What this task involves
Only the lines from the one containing "Deze mok is" through the last line of the data below belong in your answer, copied exactly and without pictures.

Data excerpt
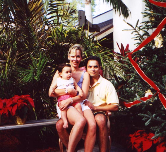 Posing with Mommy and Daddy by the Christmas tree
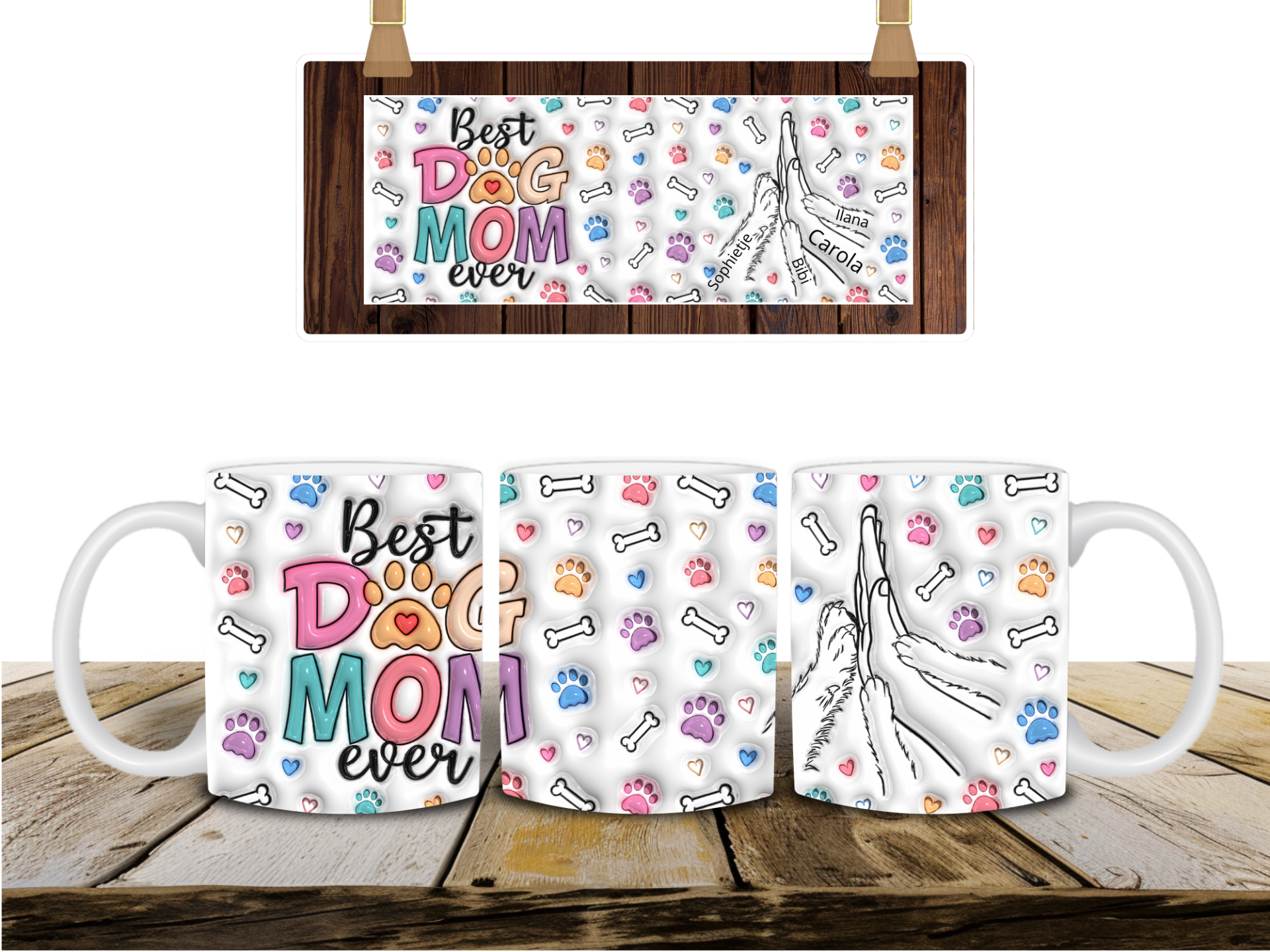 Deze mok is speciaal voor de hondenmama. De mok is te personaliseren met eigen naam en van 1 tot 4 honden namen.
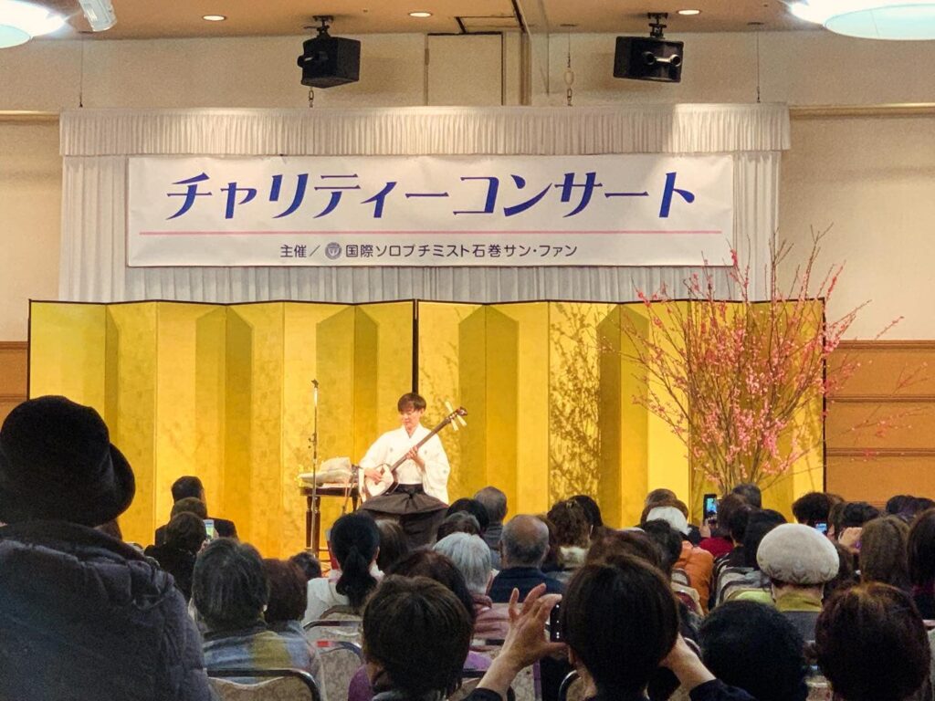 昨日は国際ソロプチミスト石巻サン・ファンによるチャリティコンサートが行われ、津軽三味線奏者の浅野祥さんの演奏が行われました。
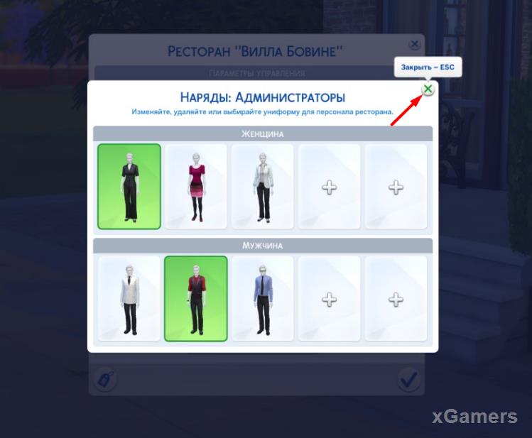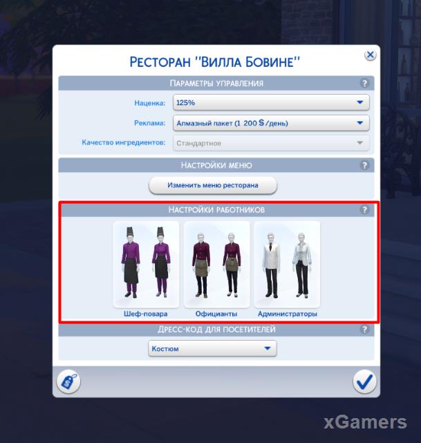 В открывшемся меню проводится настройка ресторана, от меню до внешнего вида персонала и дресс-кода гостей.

Exercise solution
 Deze mok is speciaal voor de hondenmama. De mok is te personaliseren met eigen naam en van 1 tot 4 honden namen.
 昨日は国際ソロプチミスト石巻サン・ファンによるチャリティコンサートが行われ、津軽三味線奏者の浅野祥さんの演奏が行われました。
 В открывшемся меню проводится настройка ресторана, от меню до внешнего вида персонала и дресс-кода гостей.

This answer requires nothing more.